Abstract
In order to produce dependable results, the output of models must be carefully evaluated and compared to the experimental data. One of the main goals of analyzing a model is understanding the effect of input factors on the model output. This task is carried out using a methodology known as sensitivity analysis. The analysis of Individual-based Models is hindered by the lack of simple tools allowing a complete and throughout evaluation without much effort. This kind of models tends to have a high level of complexity and the manual execution of a large experimental setup is generally not a feasible choice. Thus, it is required that model evaluation should ideally be simple and robust without demanding a high level of knowledge from modelers. In this work we present the RRepast, an open source GNU R package for executing, calibrating and analyzing Repast Symphony models directly from the R environment.
I. INTRODUCTION
The individual-based modeling is being established progressively as a main-stream and valuable tool for modeling complex processes in many distinct areas of knowledge, ranging from social science, economics to any flavor of computational and systems science such as biology, ecology and so on [1].The reason is, amongst other things, the relative ease with which detailed structural information can be incorporated into a model without the constraints of other methodologies [2].Nonetheless, the possibility of incorporating many details comes with the cost of models with a high complexity level, containing many rules and parameters for which the exact values are, in many cases, hard or impossible to determine experimentally, that is what is know as parameter uncertainty.
Model calibration is the task of estimate the set of values for input parameters of some simulation model which provides the best fitting to any empirical data set available for the system under study [3]. The estimation of acceptable values for the parameters of Individual-based Models and the analysis of uncertainty, requires specialized techniques which are complex and computationally demanding. One of the objectives of these methods are understand the relative impact of input parameters on the overall model outcomes. According to [4] most of Individual-based models published tends to omit the systematic calibration and sensitivity analysis tasks, chiefly due to the fact that modelers practitioners do not have the specific knowledge to implement or simply use the required methods. Therefore, it seems to be clear, that the availability of simple and user friendly tools for experiment design and analysis would help modelers to improve the formal quality of their models.
The Repast Symphony framework is a fast and flexible java-based environment with some built-in facilities for batching and parameter sweeping [5], widely used in many fields for building individual-based simulation models ([6], [7], [8]). Repast also has support for running GNU R ([9], [10]) from inside the framework user interface but until now it has not feasible to run Repast models from R environment for controlling model in order to implement experimental designs, parameter calibration and sensitivity analysis, therefore hindering a throughout and comprehensive verification of Individual-based models.

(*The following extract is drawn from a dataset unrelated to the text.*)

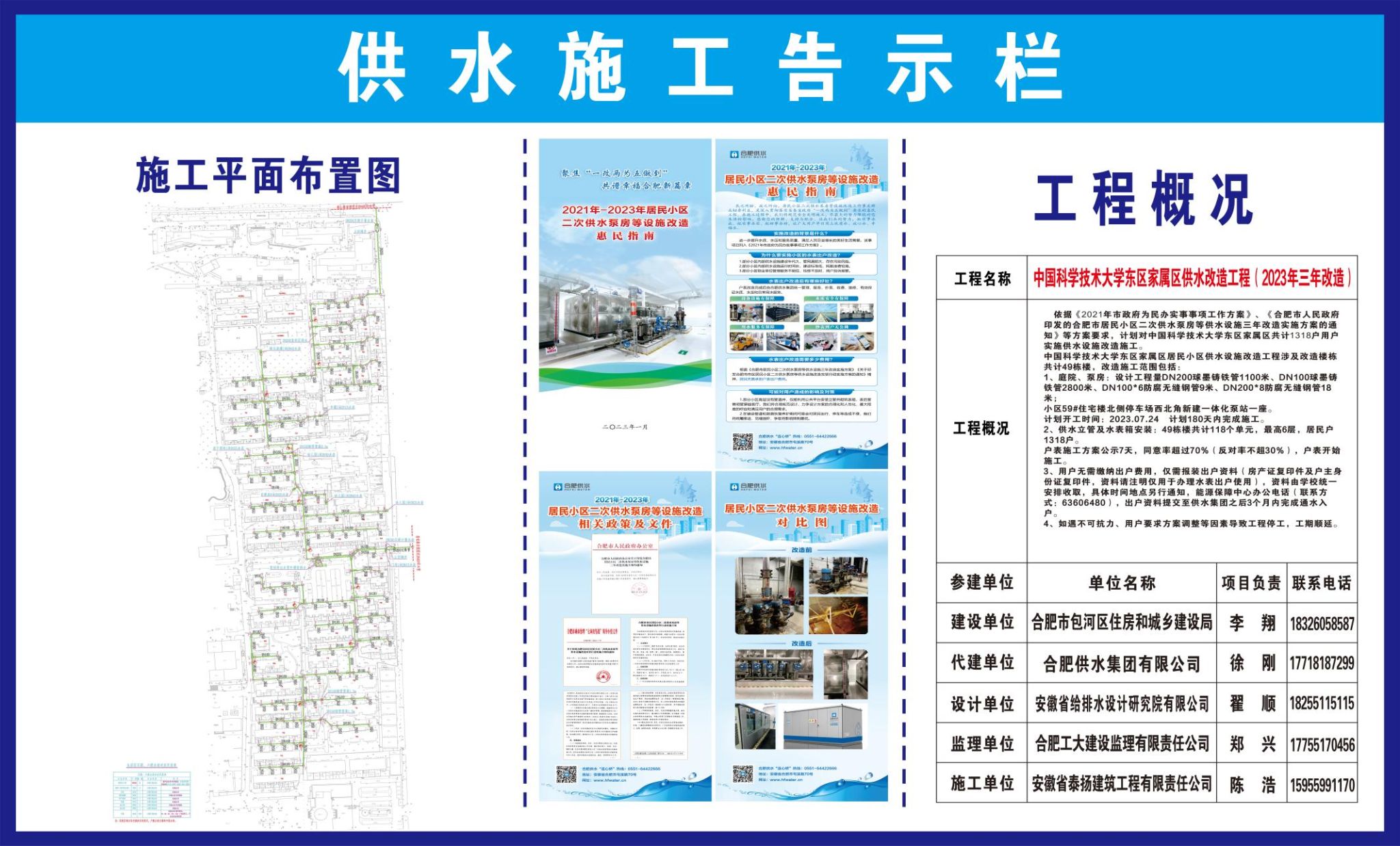 1.本次改造工程的建设单位为合肥市包河区住房和城乡建设局,代建单位为合肥供水集团有限公司。具体工程概况(见下图)将在家属区同步张贴公示,如有疑问,可电话咨询;

In addition, the real value of a computational model depends much on the ability of other researchers to reproduce and enhance the results elsewhere; in other words results must be reproducible. Hence, in order to achieve reproducibility, research methods should be stated clearly and should preferentially being backed by standard methods and software tools. In the following sections we will describe the RRepast package functionalities, the most significant API elements, as well as a worked example for illustrating the basic use case of the package.
II. THE RRepast PACKAGE
The RRepast1 is an ongoing open source project developed primarily for invoking Repast Symphony models from inside GNU R environment. Additionally the package has other features for making the analysis of Individual-based models developed with Repast, extremely straightforward.

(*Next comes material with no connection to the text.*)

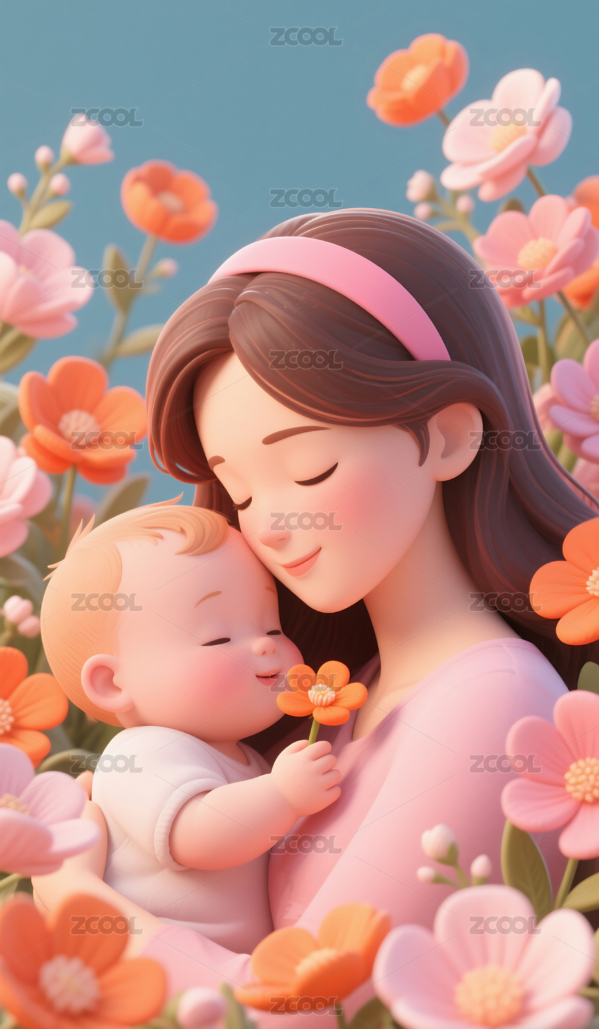 3D温馨花丛中的母婴插画背景壁纸

The package has two main groups of functions: the first, directly related to the integration of Repast Symphony with R, allowing the instantiation, execution and control of a model execution, as well as, gathering model output generated by any aggregated dataset defined into Repast model [11]. The second group of features exposes a complete set of methods for parameter calibration and for performing sensitivity analysis methods without much effort, also including functions for most common experimental design setups.

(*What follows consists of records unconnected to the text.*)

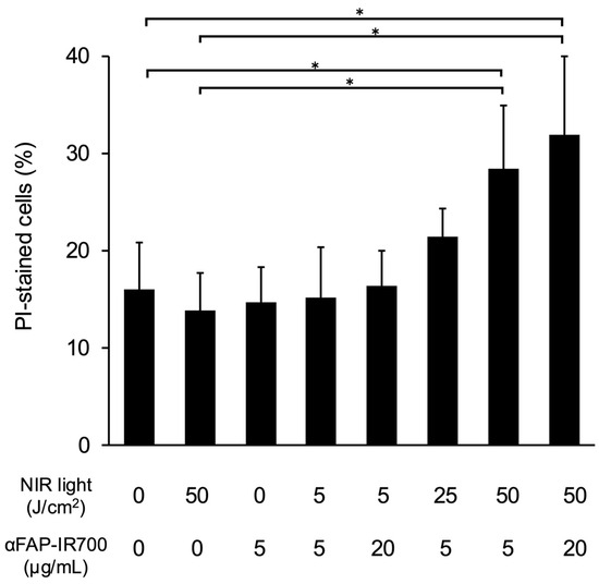 Figure 4 shows the quantitative evaluation of the effect of NIR-PIT on hPSC-5 cells using αFAP-IR700 by flow cytometry. Compared with the control group (αFAP-IR700, 0 μg/mL with NIR, 0 J/cm2), significant cell death was observed in the NIR-PIT group (αFAP-IR700, 5 and 20 µg/mL with NIR, 50 J/cm2) (n = 5, * p < 0.05 vs. control). In addition, cell death was observed in the NIR-PIT group with lower irradiation (αFAP-IR700, 5 μg/mL with NIR, 25 J/cm2), although the level of cell death was not significant compared with that in the control (n = 5, p = 0.31 vs. control). There were no significant differences between the other groups and the control (NIR, 50 J/cm2 alone, p = 1; αFAP-IR700, 5 μg/mL alone, p = 1; αFAP-IR700, 5 μg/mL with NIR, 5 J/cm2, p = 1; αFAP-IR700, 20 μg/mL with NIR, 5 J/cm2, p = 1).
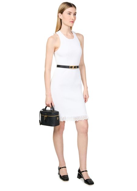 • Description : leather belt, logo buckle, gold-tone hardware, worn on the hips, logo in gold letters.
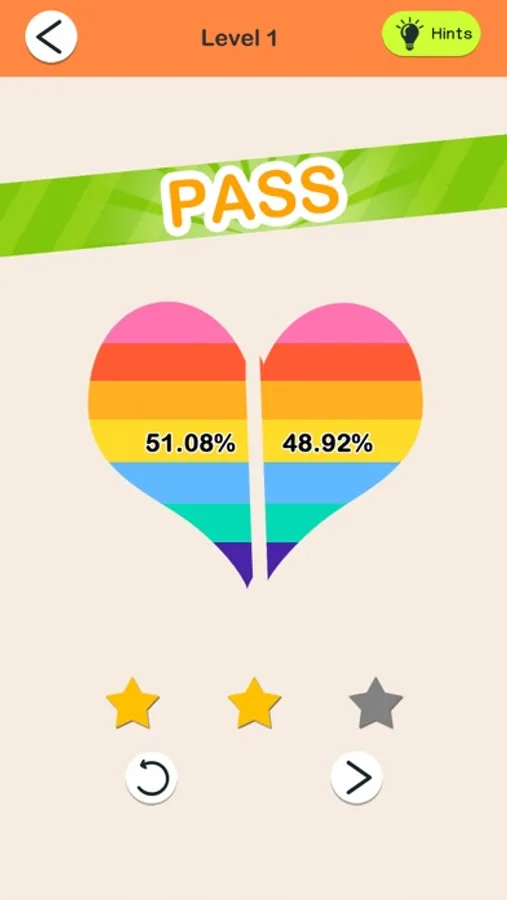 In each level, there is a regular shape, you just need to cut it into equal two or four slices. The more close the area of the slice is, the more stars you can get!

The first group of methods, are in turn subdivided into low and high level calls. The first type of them are the functions prefixed with the [Engine] keyword which wraps the calls to the java subsystem using the rJava package [12]. These functions are not intended for general use, instead the users should the high level calls which include, the calls depicted in the Table I.
The basic RRepast API Functions. These functions are used for loading, modifying the default parameters defined for model and for running the simulation.
The second group of functions inside the package contains low level functions for the design of experiments [13] by the user, as well as, high level methods which are the recommended entry point for the generation of experiments with the model. All of these high level functions have their names prefixed with the "Easy" keyword. The Easy API are designed to perform a complete and complex task with just one function call. Some of these functions are shown in the Table II and the current Easy API methods are presented in Table III.
The Experimental Setup API functions. These functions are used for experimental design, parameter calibration and sensitivity analysis.
The easy API functions. These functions are the preferred entry point for the eventual users. These "Easy" functions lump together a complete experiment task in just one call, reducing the coding needs to the minimum.
III. RRepast IN ACTION
In this section we will provide some small examples on how to use the RRepast package for running Repast models and analyzing the data produced. In order to get the model running from R code, some minimal steps must be carried out before calling Repast code.
1) Build an installer and install the Repast model.
2) Add the rrepast-integration.jar file, included in RRepast distribution, to the lib directory of the installed Repast model.
3) Add the integration configuration to scenario file in the. rs directory of the installed model. The integration consists in the following code: <model.initializer dass="org.haldane.rrepast.ModelImtializerBmker"/>
Once the previous steps are completed we are ready for running the model. The minimal code to execute the model is presented in Figure 1
The minimal code for running a Repast model from R. The Boolean value in Model() tells RRepast to auto load the model’s scenario.
In addition to the basic functionality for loading and running a model and retrieving the complete output of any dataset defined in the Repast model, the package contains an implementation of common techniques for screening and global sensitivity analysis as well as for verifying the stability of output variables. These functionalities are readily accessible, requiring very few lines of code. In the simplest case the modeler only has to complete three tasks for getting the experiment done. The first one is to define a calibration function. The calibration function must return zero for the best fit and a other number greater than zero otherwise. How the criteria are implemented is up to the modeler. That function is called internally by RRepast and has a specific format. The parameters passed to the function are the current set parameter used and the complete content of Model dataset output. The function must return a cbind() containing all individual criteria and optionally the sum of individual criteria.
In order to provide some more realist examples we have used the BactoSIM Repast model, which is an spatially explicit individual-based model for simulating the plasmid spread on a surface attached bacterial colony [16].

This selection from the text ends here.